"Former [Microsoft] employee says software giant dismissed his warnings about a critical flaw because it feared losing government business. Russian hackers later used the weakness to breach the National Nuclear Security Administration, among others."
This is a damning story about profit over principles: Microsoft failed to close a major security flaw that left the government (alongside other customers) vulnerable because it wanted to win their business. This directly paved the way for the SolarWinds hack.
This doesn't seem to have been covert or subtext at Microsoft:
"Morowczynski told Harris that his approach could also undermine the company’s chances of getting one of the largest government computing contracts in U.S. history, which would be formally announced the next year. Internally, Nadella had made clear that Microsoft needed a piece of this multibillion-dollar deal with the Pentagon if it wanted to have a future in selling cloud services, Harris and other former employees said."

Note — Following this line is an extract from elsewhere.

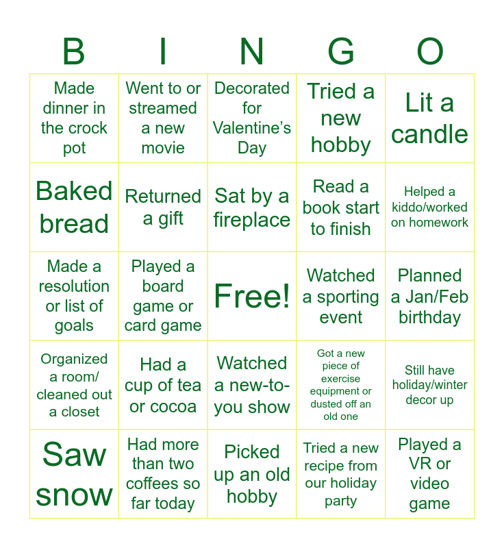 This bingo card has a free space and 24 words: Had a cup of tea or cocoa, Had more than two coffees so far today, Sat by a fireplace, Saw snow, Lit a candle, Made dinner in the crock pot, Baked bread, Went to or streamed a new movie, Watched a sporting event, Watched a new-to-you show, Read a book start to finish, Made a resolution or list of goals, Got a new piece of exercise equipment or dusted off an old one, Still have holiday/winter decor up, Returned a gift, Tried a new recipe from our holiday party, Planned a Jan/Feb birthday, Decorated for Valentine’s Day, Helped a kiddo/worked on homework, Played a board game or card game, Played a VR or video game, Organized a room/ cleaned out a closet, Tried a new hobby and Picked up an old hobby.
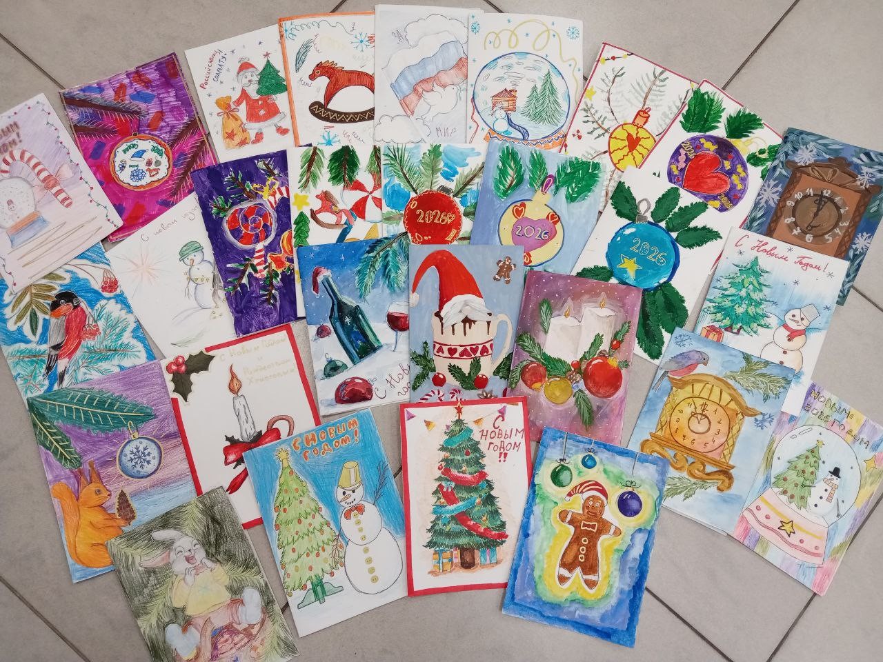Учащиеся художественного отделения подготовили поздравительные открытки с пожеланиями к Новому году для бойцов СВО

But publicly it said something very different:
"From the moment the hack surfaced, Microsoft insisted it was blameless. Microsoft President Brad Smith assured Congress in 2021 that “there was no vulnerability in any Microsoft product or service that was exploited” in SolarWinds."
It will be interesting to see what the fallout of this disclosure is, and whether Microsoft and other companies might be forced behave differently in the future. This story represents business as usual, and without external pressure, it's likely that nothing will change.